Now if the temperatures on the GPUs are in the mid 30s, how can this be a thermal concern? Simple. It’s either the memory or VRMs that is the issue. I just hope I have enough thermal pad material to do that.

What’s odd is the driver crash would happen consistently after about 36 hours of continuous load. So I reconfigured BOINC to take a 15 minute “break” at midnight every day. This alleviated the driver concern, but it didn’t keep the issues completely at bay. So re-seating the water block is a necessity, meaning I get to test how well I could drain the system.

BOINC

Now for the real meat of the project: distributed computing performance.

Recall that there are four graphics cards: two GTX 680s and two GTX 660s. When the system remains stable, it’s able to clear over 100,000 points in a day.

Folding@Home

After clearing the 5000 ranking for MilkyWay@Home, I decided to turn the system over toward Folding@Home to see what kind of performance I could expect. Since this is a headless system, I needed to manually configure the client through the config.xml file.
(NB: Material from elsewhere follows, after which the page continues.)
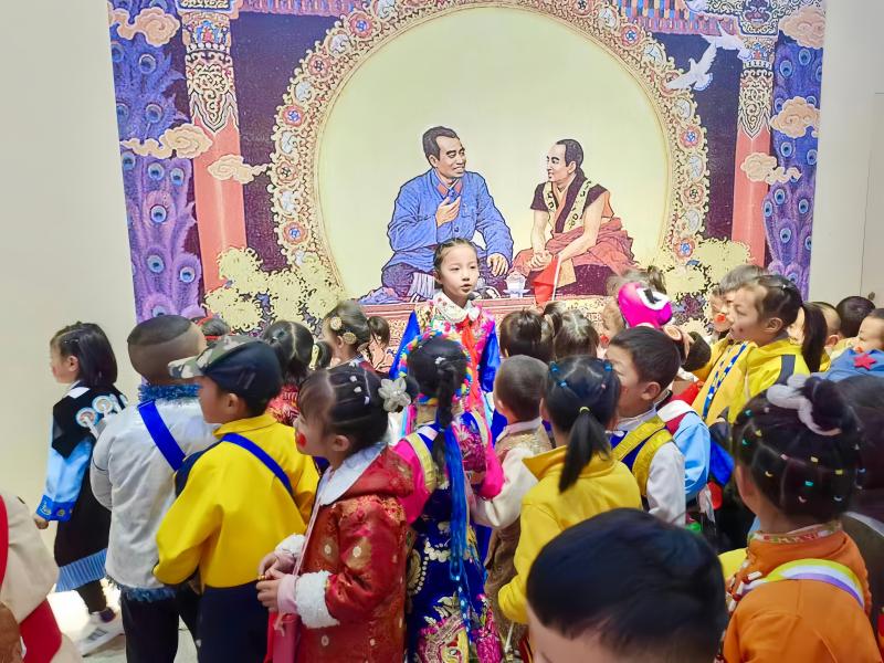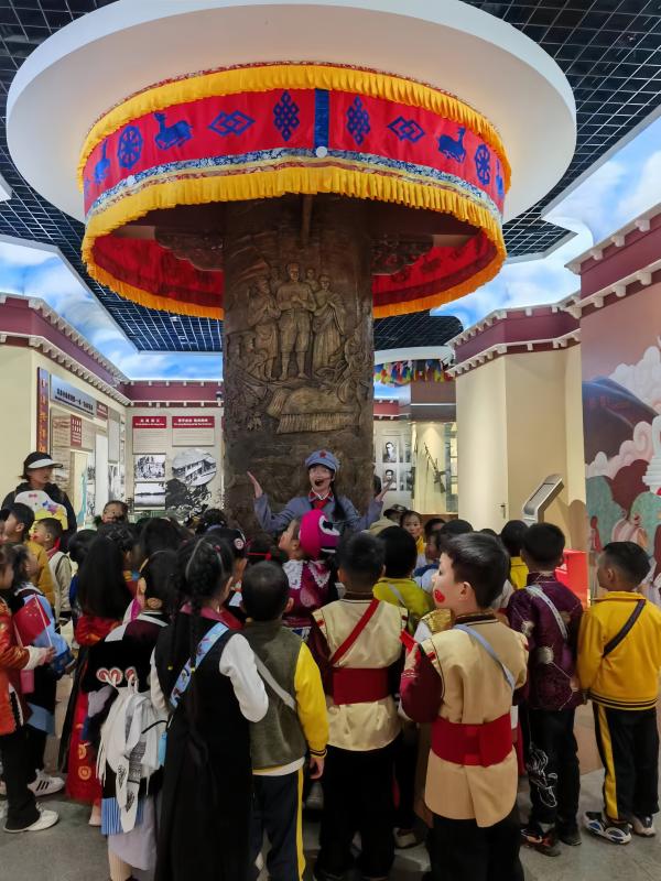 展館內(nèi),“格?;ㄐ⌒≈v解員”進(jìn)行著生動地講解,通過一件件文物、一幅幅圖片、一個個互動景觀訴說雪域高原上的紅色歷史,引導(dǎo)小朋友們體悟那段不平凡的崢嶸歲月,在行走的課堂里收獲知識和成長。

First, I used the –configure command-line option to set up a few basic options, then I manually edited the file to provide four slots, one for each graphics card.

<config>
  <user value='Colony_West'/>
  <team value='0'/>
  <passkey value='********************************'/>
  <smp value='true'/>
  <gpu value='true'/>

  <slot id='0' type='GPU'><gpus v='0' /></slot>
  <slot id='1' type='GPU'><gpus v='1' /></slot>
  <slot id='2' type='GPU'><gpus v='2' /></slot>
  <slot id='3' type='GPU'><gpus v='3' /></slot>
</config>

So how well does this perform? As of the time I wrote this, the client estimates it can clear 260k points per day, sometimes estimating over 270k points per day. Given published numbers I’ve seen for the GTX 680 and GTX 660, this likely means the GPUs are being held back a little by either the CPU or memory. The 660s should be able to pull between 100k and 115k PPD combined, while the GTX 680s should be able to net 210k to 225k PPD combined, meaning this setup should be able to pull almost 335k PPD, but 300k at minimum.

So the GPUs are being held back, likely by the fact this is a 10 year-old dual-core CPU that is being used. As the Folding@Home FAQ says, the GPU tasks are still heavily CPU dependent, though that’s something they aim to try to change later. But that means that even one of the GPUs is going to be held back by the current client.

So for now, Folding@Home is out. Perhaps when the AMD mainboard in either Absinthe or Beta Orionis are freed up will I try doing Folding@Home again. For now, Colony West will be doing just BOINC.